Today, the House Judiciary Committee passed an amendment authored by Congressman Ted Deutch increasing the opportunity for public disclosure of the health effects of oil spill and clean up efforts. The amendment was adopted into the Securing Protections for the Injured from Limitations on Liability (SPILL) Act, a comprehensive bill addressing several issues surrounding liability and claims for the Gulf Coast Oil Spill.
"If any agency within the federal government seeks to keep information related to the BP oil spill secret from the public, my amendment will ensure that proper oversight occurs before that decision is made and that the agreement does not come at the expense of health or safety of the American people," said Congressman Deutch. "I am pleased to have my amendment incorporated into the SPILL Act, and I hope to have this important legislation up for a full vote in the House of Representatives as soon as possible. With so many families, businesses, and communities devastated by the Deepwater Horizon spill, it is critical that Congress updates our outdated liability laws to ensure that victims have an adequate path to recourse."
On April 20, 2010, an explosion on the Deepwater Horizon oil drilling platform caused a massive oil spill in the Gulf of Mexico that is spreading throughout the Gulf Coast and perhaps beyond. Eleven of the 126 crew members were killed, and 17 were injured. To address some of the issues surrounding liability for the Gulf Coast oil spill, Mr. Conyers introduced H.R. 5503, the Securing Protections for the Injured from Limitations on Liability (SPILL) Act. The current liability regime surrounding the Gulf Coast oil disaster is exceedingly complex and outdated. In many cases, the prevailing laws were written in the mid-19th century to protect American merchant ship owners. This legislation updates the liability system to provide fairness to victims by eliminating anomalies in the law.
The Deutch amendment addresses Section 6(b) of the underlying bill, which provides an exception to Section 6 which makes certain secrecy agreements regarding the discharge of contaminants into US waters unenforceable. Under the exception, a directive for a secrecy agreement that is contained in a court order is enforceable. In addition, this exception also permits the issuing of secrecy agreements by a Government agency that has the authority to enforce the agreement in a court. If the agreement is challenged in court, the secrecy agreement is enforceable if the Government agency can demonstrate by a preponderance of the evidence that the agreement is "necessary to protect public health or safety."
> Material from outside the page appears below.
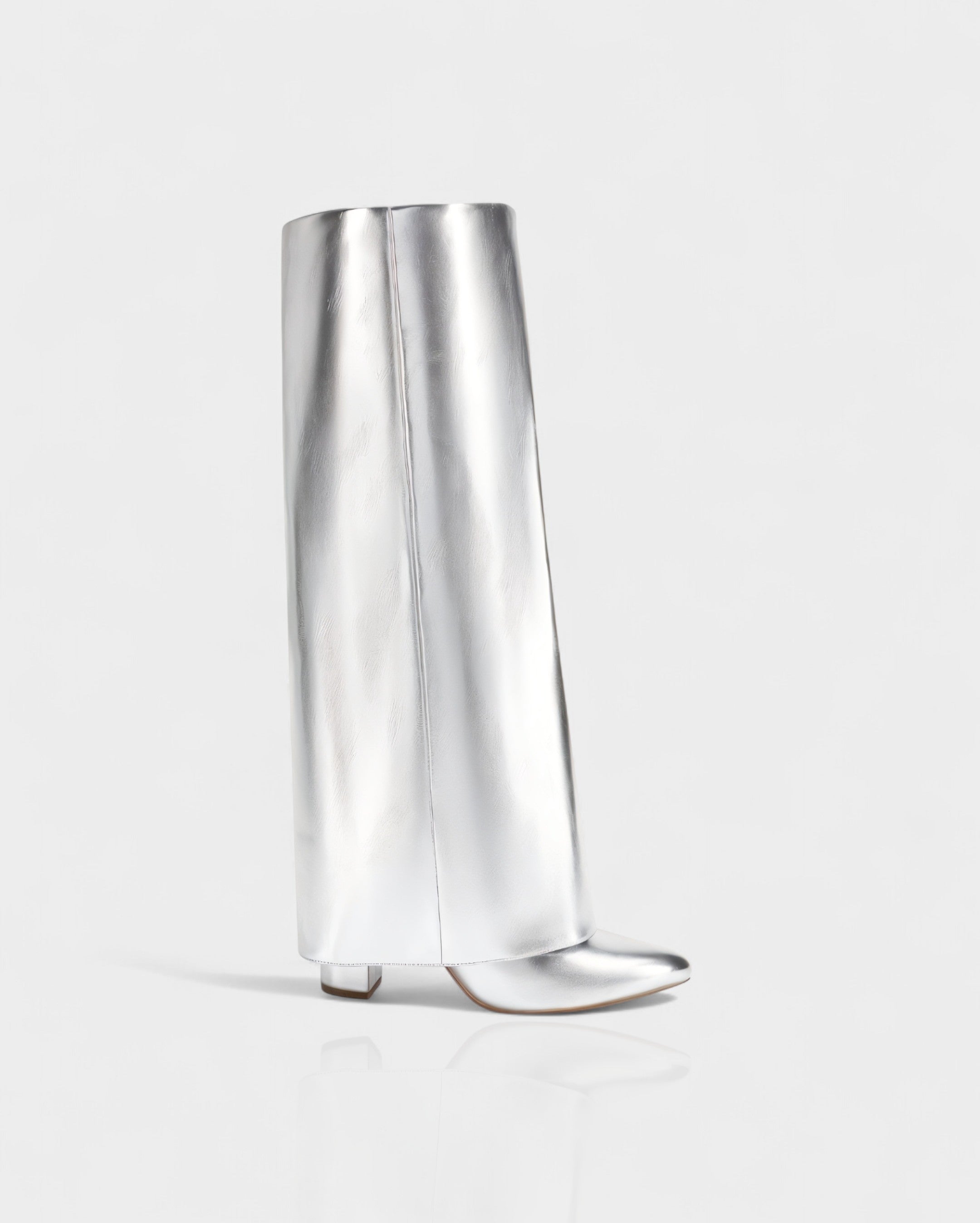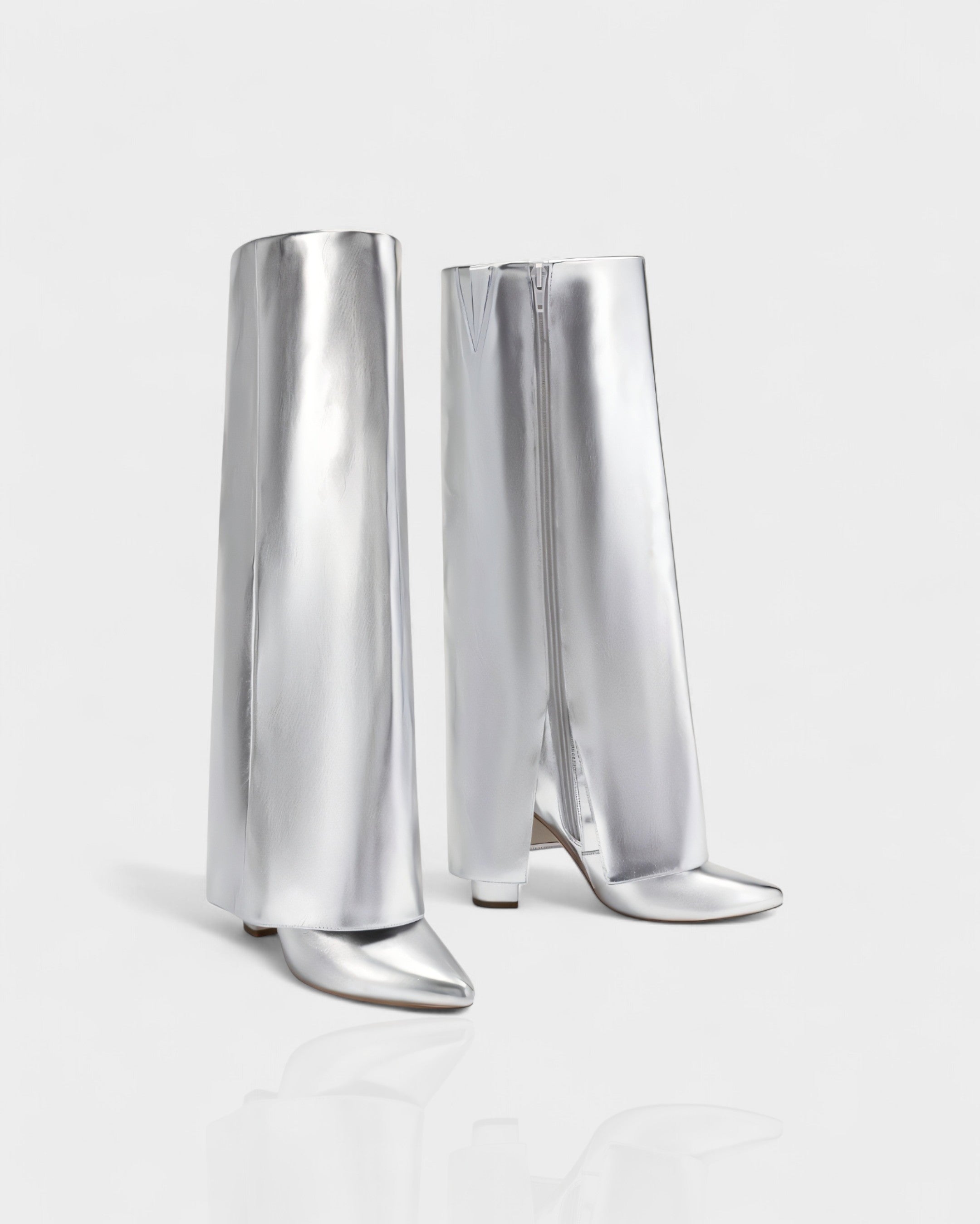 The Maisy boots feature a structured straight-leg silhouette with a sleek metallic finish that catches the light from every angle. Designed with a pointed toe and low block heel, they combine futuristic edge with a sculptural fit. A statement boot made to elevate any look with bold, modern shine.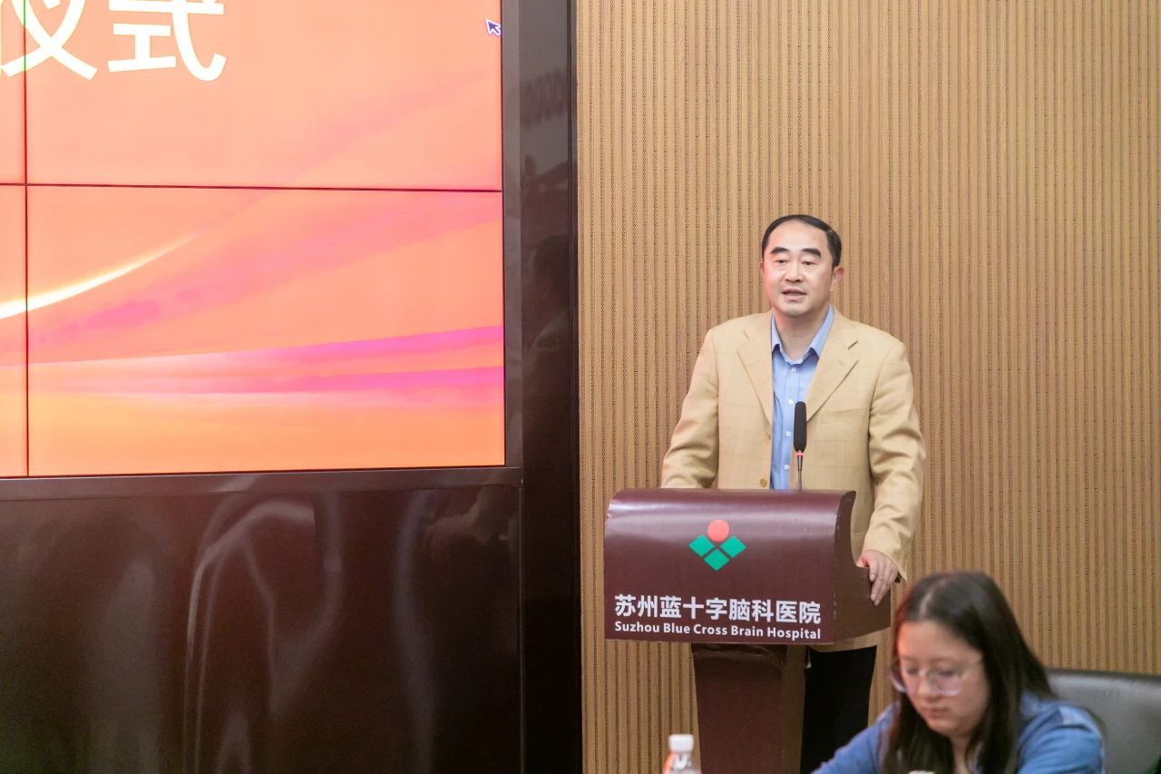 醫(yī)院徐必生院長(zhǎng)首先致歡迎辭,對(duì)各位專家領(lǐng)導(dǎo)的到來(lái)表示歡迎。徐院長(zhǎng)從不同維度強(qiáng)調(diào)了工作站的重要意義,充分肯定蘇州大學(xué)與蘇州藍(lán)十字腦科醫(yī)院深度合作取得的豐碩成果,表示醫(yī)院將珍惜校企協(xié)作所帶來(lái)的發(fā)展機(jī)遇,希望雙方能繼續(xù)發(fā)揮各自優(yōu)勢(shì),在人才培養(yǎng)、科技創(chuàng)新、社會(huì)服務(wù)等方面進(jìn)行深入合作,力爭(zhēng)創(chuàng)建省級(jí)研究生工作站。

The Deutch amendment would make two important changes to this exception. First, the amendment would require that a court granting the enforcement of a secrecy agreement that is needed for the public health and safety must state factual findings and conclusions of law relating to the enforcement of the agreement on the record. Second, the amendment would require that in the event a Government agency is enforcing their secrecy agreement in a court, that the agency demonstrate by clear and convincing evidence that the agreement is needed to protect the public health or safety.
This amendment would encourage a court that issues a secrecy agreement restricting public access to this information to become well informed - possibly through a hearing, witness testimony, or the submission of other evidence -- on the issue before taking steps to restrict public access to information on contaminants that have been discharged in US waters. Moreover, requiring courts to enter their factual and legal reasoning into the record would ensure that the public has a basis to appeal the decision, should they believe it to be necessary. The amendment would also place a reasonable burden on a Government agency that seeks to keep information secret on the discharge of contaminates into our waters. If a Government agency wants to keep information that affects the public health or safety secret and out of public dissemination, then they should have to satisfy that burden of proof. Keeping information secret from the public, especially if the information relates to the public health or safety, should only be a last resort.